Omit all pictures. Quote only the lines from the one with "Học sinh Trường" through the end of the material below.

SOURCE MATERIAL:
• • •

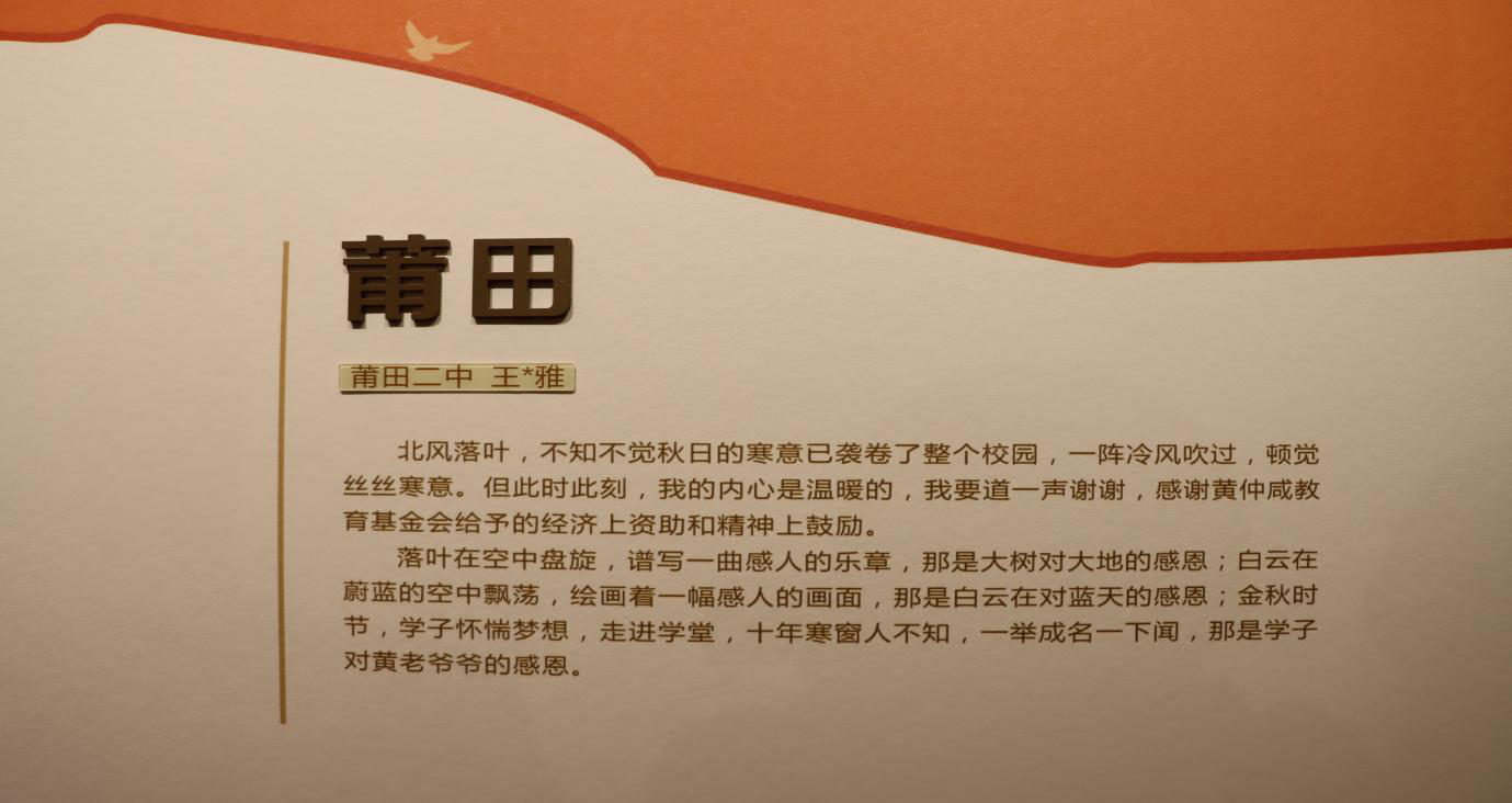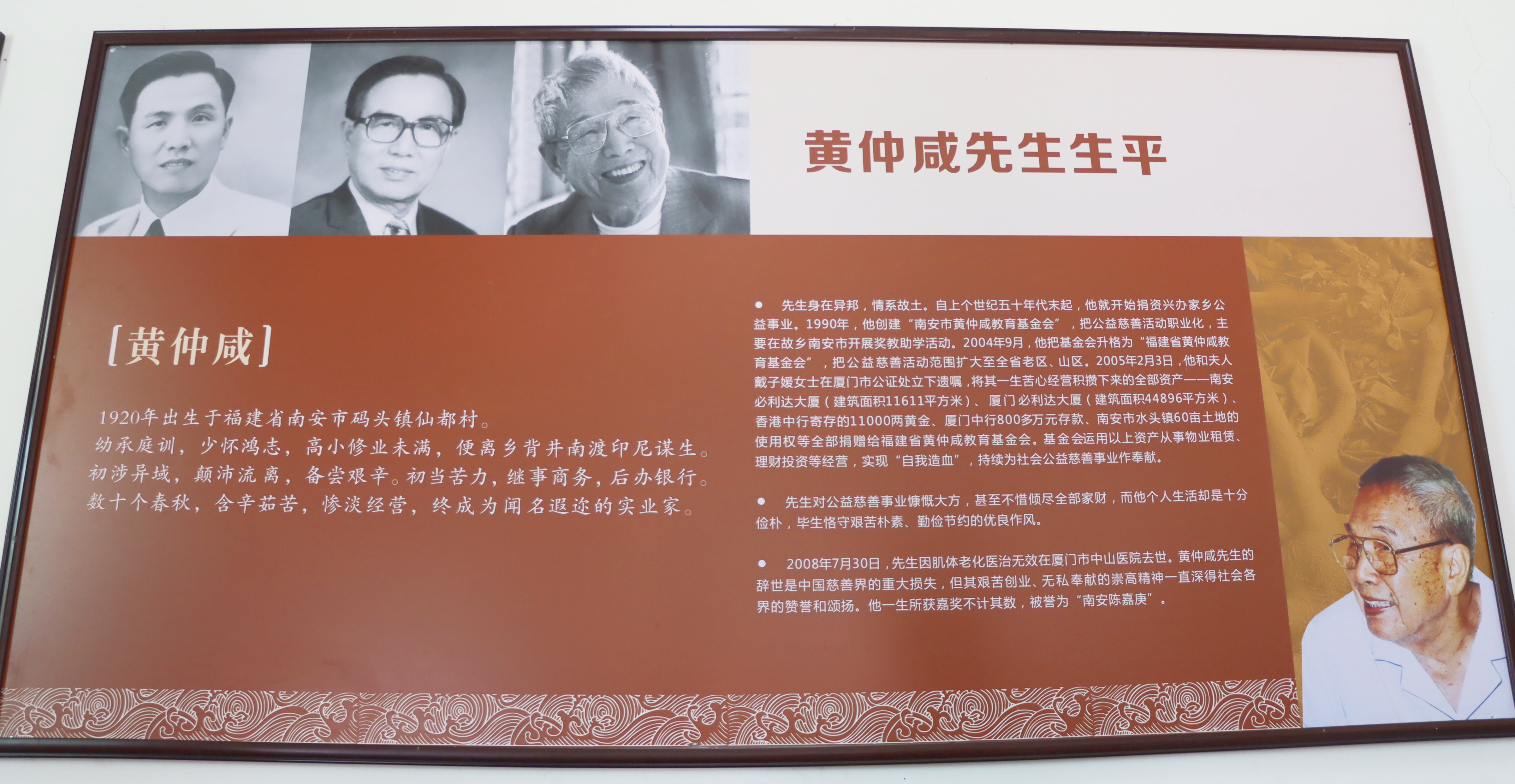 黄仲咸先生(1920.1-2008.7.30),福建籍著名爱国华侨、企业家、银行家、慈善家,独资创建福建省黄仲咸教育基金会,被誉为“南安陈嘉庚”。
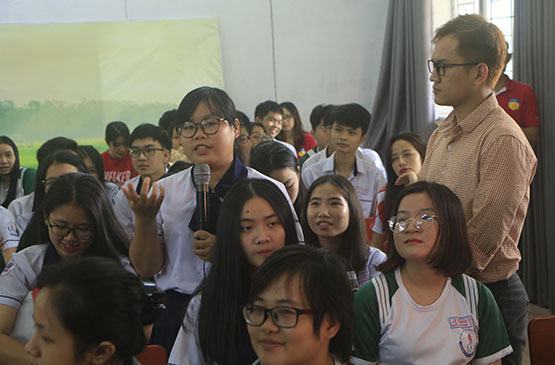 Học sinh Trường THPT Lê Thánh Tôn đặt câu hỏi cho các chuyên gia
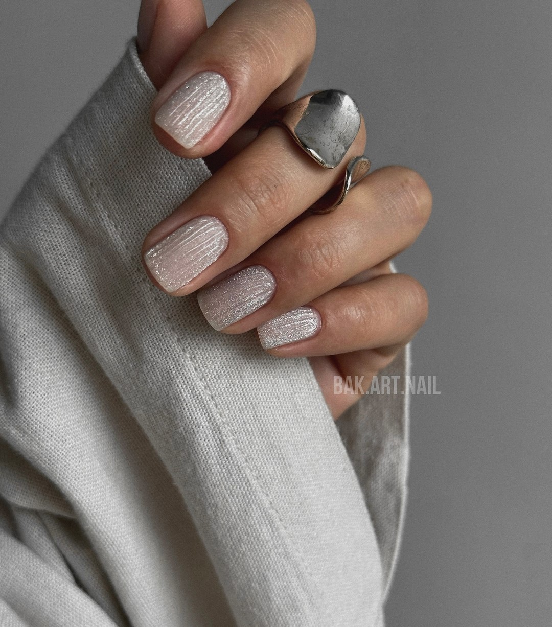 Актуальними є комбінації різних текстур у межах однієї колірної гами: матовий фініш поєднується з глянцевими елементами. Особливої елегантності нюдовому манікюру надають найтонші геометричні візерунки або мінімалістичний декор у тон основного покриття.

• • •

SOLUTION TO THIS EXERCISE:
 Học sinh Trường THPT Lê Thánh Tôn đặt câu hỏi cho các chuyên gia
 Актуальними є комбінації різних текстур у межах однієї колірної гами: матовий фініш поєднується з глянцевими елементами. Особливої елегантності нюдовому манікюру надають найтонші геометричні візерунки або мінімалістичний декор у тон основного покриття.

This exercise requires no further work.